Asking this question back to your patients allows them to express their understanding of the treatment and discussion from that very day. It also allows the therapist to correct any misunderstanding or misinterpretation that may have occurred. 

• What not to say, "I know what you're going through." "Build a bridge and get over it."
• You need to honour and pay attention to the coping strategies they have constructed. You must acknowledge them before you change them.
• Don't say "this won’t or shouldn't hurt", maybe say "this may hurt but I will help you get through it".
• Careful with saying "It is not your disc, it is a muscle" because they hear disc.
• But.... "I don't want to be offensive but".... The but does not make what you are going say ok. Don't say it.
• Tell your patients "Well done".
• Address flags then and there.
• Use the terms primary and secondary hyperalgesia to explain pain so that language used is consistent.
• Communicate with the other health professionals and tell them what we are working on and ask them to reinforce this to the patient.
• Don't disempower patients with the use of passive therapy. Use passive therapy to empower people with your touch to continue working towards their goals and empower them with the knowledge to manage independently. 

Discussing pain and understanding how others experience pain is a continual challenge for therapists. David reminded me of how important it is to reflect on the words and metaphors we use to describe our individual experiences. What we say and what others hear, and vice versa, may have a different meaning. Always make the time to clarify "What have you heard?" and "My understanding of what you have said is.... is this correct?".   

Sian

Key references:

Aguzzi, A., Barres, B. A., & Bennett, M. L. (2013). Microglia: scapegoat, saboteur, or something else? Science, 339(6116), 156-161.
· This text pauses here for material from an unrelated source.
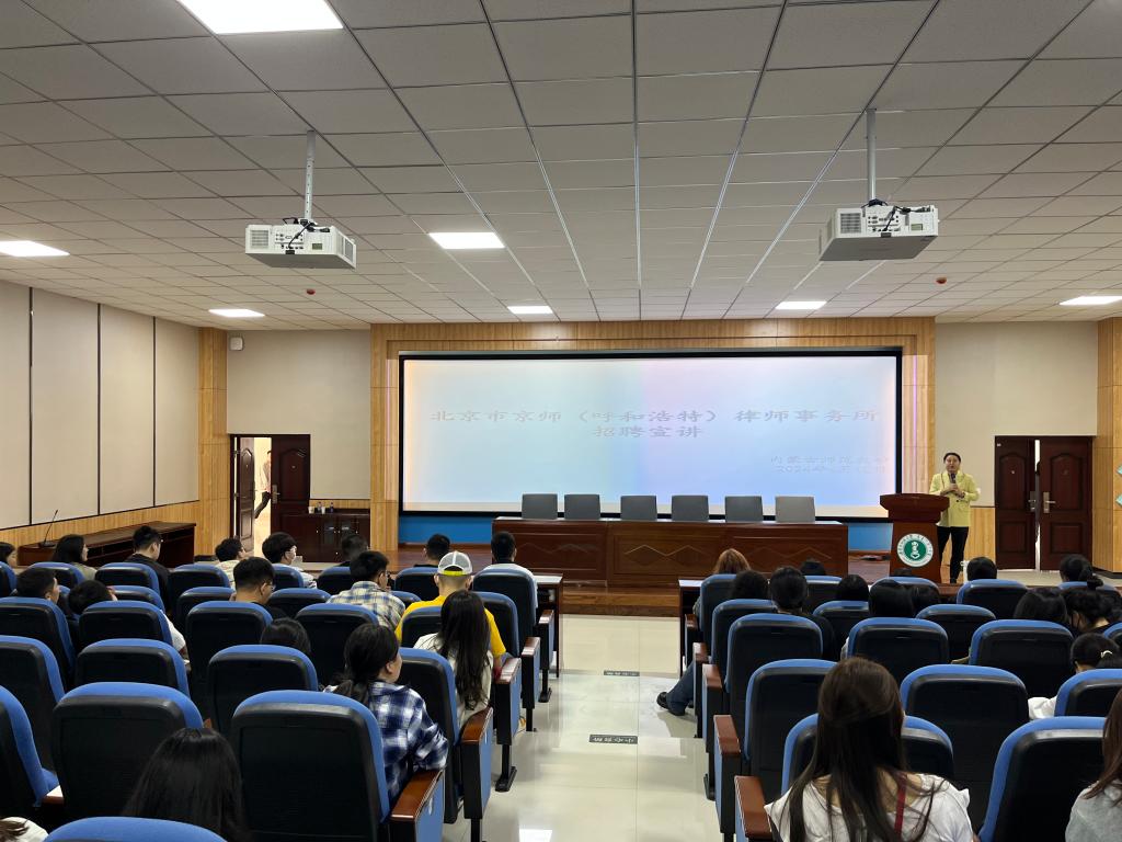 为扎实做好就业推进工作,深化校企合作,助力2024届毕业生高质量就业,近日,金年金官网在盛乐校区学生事务中心多功能报告厅举办2024年法学专业就业宣讲会。宣讲企业有北京京师律师事务所、卓能律师事务所、内蒙古中银民商事调解中心。宣讲会由金年金官网党委副书记、副院长王丹主持,法学系主任其乐木格和辅导员老师参加。

Besedovsky, H. O., & del Rey, A. (2011). Central and peripheral cytokines mediate immune-brain connectivity. Neurochemical research, 36(1), 1-6.

Beggs, S., Liu, X. J., Kwan, C., & Salter, M. W. (2010). Peripheral nerve injury and TRPV1-expressing primary afferent C-fibers cause opening of the blood-brain barrier. Molecular pain, 6(1), 74.

Banati, R. B., Cagnin, A., Brooks, D. J., Gunn, R. N., Myers, R., Jones, T., ... & Anand, P. (2001). Long-term trans-synaptic glial responses in the human thalamus after peripheral nerve injury. Neuroreport, 12(16), 3439-3442.

Yirmiya, R., & Goshen, I. (2011). Immune modulation of learning, memory, neural plasticity and neurogenesis. Brain, behavior, and immunity, 25(2), 181-213.